Bank of America is launching an agribusiness finance unit at its Chicago subsidiary and staffing it with specialists hired away from some of the biggest agriculture banks in the Midwest.

Farm lenders in the region said the giant San Francisco bank's push would add a major new competitor to the bevy of $3 billion- to $10 billion- asset banks in the Midwest that finance large grain, dairy, and pork producers.

"I have never competed with Bank of America for anything," said the head of agriculture lending at a midsize commercial bank in Illinois, who wished not to be named. "But I expect to real soon."

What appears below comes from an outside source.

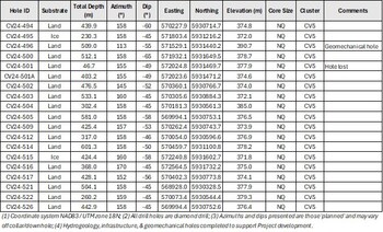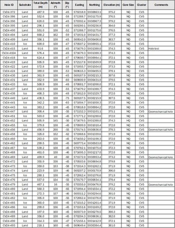 • At CV9, geological modelling is ongoing on a hole-by-hole basis and as assays are received. However, current interpretation indicates CV9 is comprised of a single principal dyke, which outcrops at surface, has a steep northerly dip, and is moderately plunging to the east-southeast. A strike length of 450 m has been delineated through drilling and outcrop.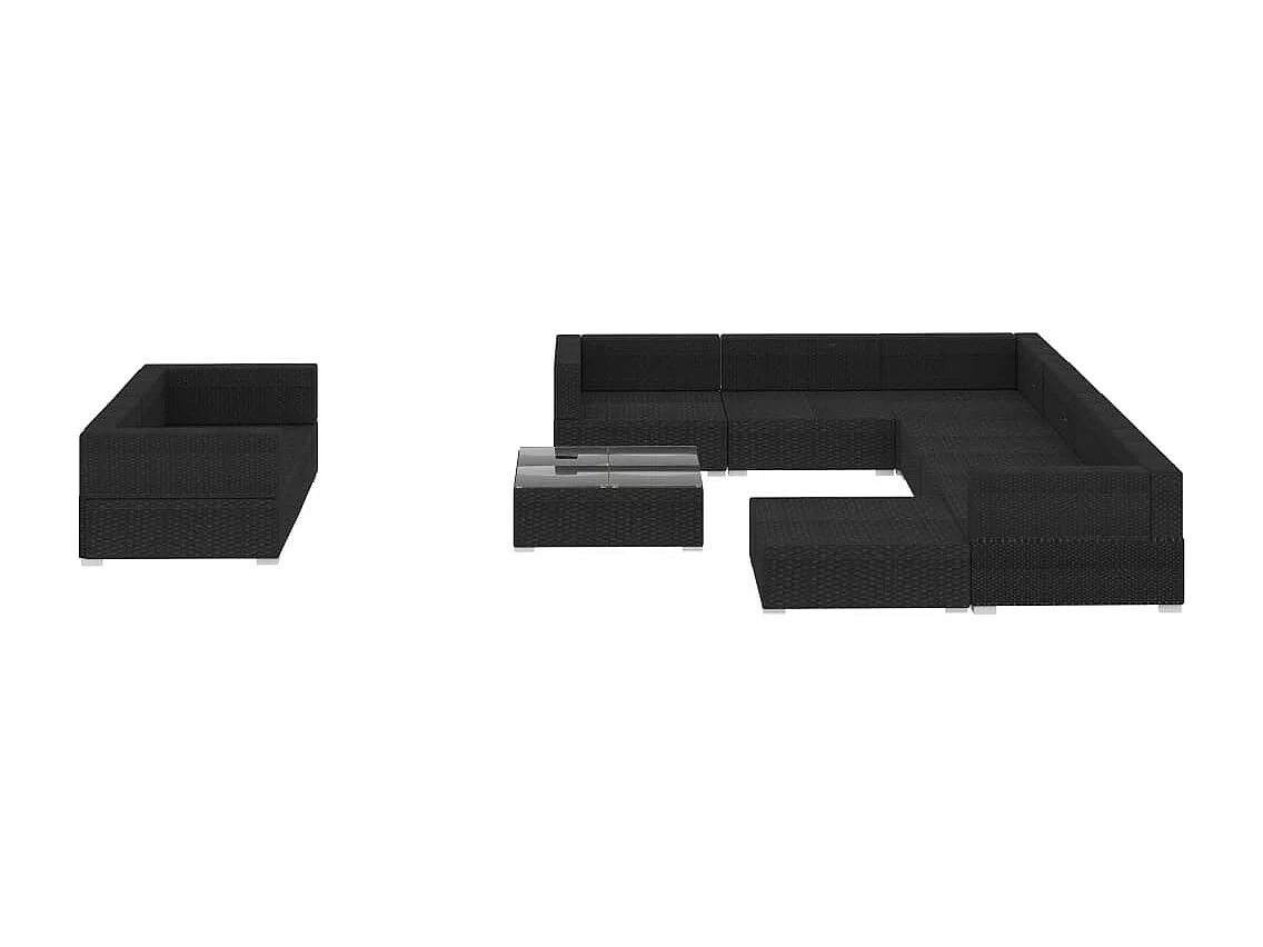 Salon de jardin 10 pcs avec coussins Résine tressée Noir 26

At the same time, Bank of America could fill a void in several states, particularly Illinois. Virtually no Illinois "agriculture bank" - defined as one having 25% or more of its total loans in agriculture - is larger than $300 million of assets. For banks smaller than that, loan-to-one- borrower limits restrict their ability to lend to many corporate farms.

Bank of America said it expects to target producers in the "food and fiber system" with revenues of at least $10 million or as much as $500 million. As a result, its entry may have little effect on community bank lenders.

"That doesn't worry me much," said Bill Dale, head of agriculture lending at Farmers National Bank of Geneseo, Ill., a $178 million-asset bank. "Their target market would exceed the revenues of the bulk of our clientele."

"Their floor would be" higher "than our ceiling," agreed another Illinois farm banker.

Bank of America's Midwest agriculture operation, therefore, will go up against an elite group of large lenders in the agriculture business: primarily Minneapolis' Norwest Corp., Chicago's Harris Trust and Savings Bank, the Farm Credit System, and Dutch-owned Rabobank.

"We expect to play strongly upon our knowledge and experience base, product range, capital-raising expertise, and international capabilities to meet the expanding needs of the market," said Mark Acheson, executive vice president and head of commercial banking at Bank of America Illinois.

Bank of America veteran Barton Francour, a senior vice president, is heading up the division and will report to Mr. Acheson.

The unit has hired Edward L. Cooper 3d away from Harris Trust and Stephen W. Phillips away from Rabobank's Chicago office. It's also put John W. Weubbe from Bank of America's Sacramento, Calif., agribusiness division on its staff.

Bank of America is already one of the biggest agriculture lenders in the West, primarily to California's wine industry. The flagship California bank has $1.2 billion of farm credits, which is 1.3% of its total loans.

Its Illinois bank, however, consists of what was Continental Bank. Continental was a corporate lender and has never had an agriculture business. Mr. Francour and crew will thus be starting from scratch.